Goal of the exercise ::
Transcribe the listing below in full, exactly, with no images.

The data ::
<<<<
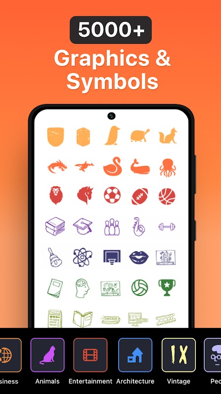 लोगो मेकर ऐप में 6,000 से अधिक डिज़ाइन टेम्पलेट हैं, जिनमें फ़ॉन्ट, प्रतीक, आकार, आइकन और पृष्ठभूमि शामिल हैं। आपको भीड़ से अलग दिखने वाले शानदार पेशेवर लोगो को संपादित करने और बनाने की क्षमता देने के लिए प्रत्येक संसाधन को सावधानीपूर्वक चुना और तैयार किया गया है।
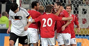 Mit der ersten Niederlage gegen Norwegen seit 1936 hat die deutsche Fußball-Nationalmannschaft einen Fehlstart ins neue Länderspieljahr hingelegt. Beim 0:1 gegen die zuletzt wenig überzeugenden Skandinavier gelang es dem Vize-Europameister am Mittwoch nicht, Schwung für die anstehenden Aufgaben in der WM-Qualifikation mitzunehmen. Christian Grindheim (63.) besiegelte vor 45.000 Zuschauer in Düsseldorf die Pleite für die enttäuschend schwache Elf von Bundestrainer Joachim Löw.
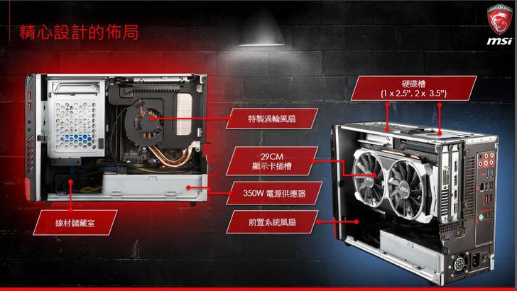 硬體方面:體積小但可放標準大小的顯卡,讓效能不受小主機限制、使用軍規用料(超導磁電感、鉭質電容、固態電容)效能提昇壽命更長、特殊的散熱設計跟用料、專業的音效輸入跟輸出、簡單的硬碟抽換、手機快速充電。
>>>>
Answer area ::
 लोगो मेकर ऐप में 6,000 से अधिक डिज़ाइन टेम्पलेट हैं, जिनमें फ़ॉन्ट, प्रतीक, आकार, आइकन और पृष्ठभूमि शामिल हैं। आपको भीड़ से अलग दिखने वाले शानदार पेशेवर लोगो को संपादित करने और बनाने की क्षमता देने के लिए प्रत्येक संसाधन को सावधानीपूर्वक चुना और तैयार किया गया है।
 Mit der ersten Niederlage gegen Norwegen seit 1936 hat die deutsche Fußball-Nationalmannschaft einen Fehlstart ins neue Länderspieljahr hingelegt. Beim 0:1 gegen die zuletzt wenig überzeugenden Skandinavier gelang es dem Vize-Europameister am Mittwoch nicht, Schwung für die anstehenden Aufgaben in der WM-Qualifikation mitzunehmen. Christian Grindheim (63.) besiegelte vor 45.000 Zuschauer in Düsseldorf die Pleite für die enttäuschend schwache Elf von Bundestrainer Joachim Löw.
 硬體方面:體積小但可放標準大小的顯卡,讓效能不受小主機限制、使用軍規用料(超導磁電感、鉭質電容、固態電容)效能提昇壽命更長、特殊的散熱設計跟用料、專業的音效輸入跟輸出、簡單的硬碟抽換、手機快速充電。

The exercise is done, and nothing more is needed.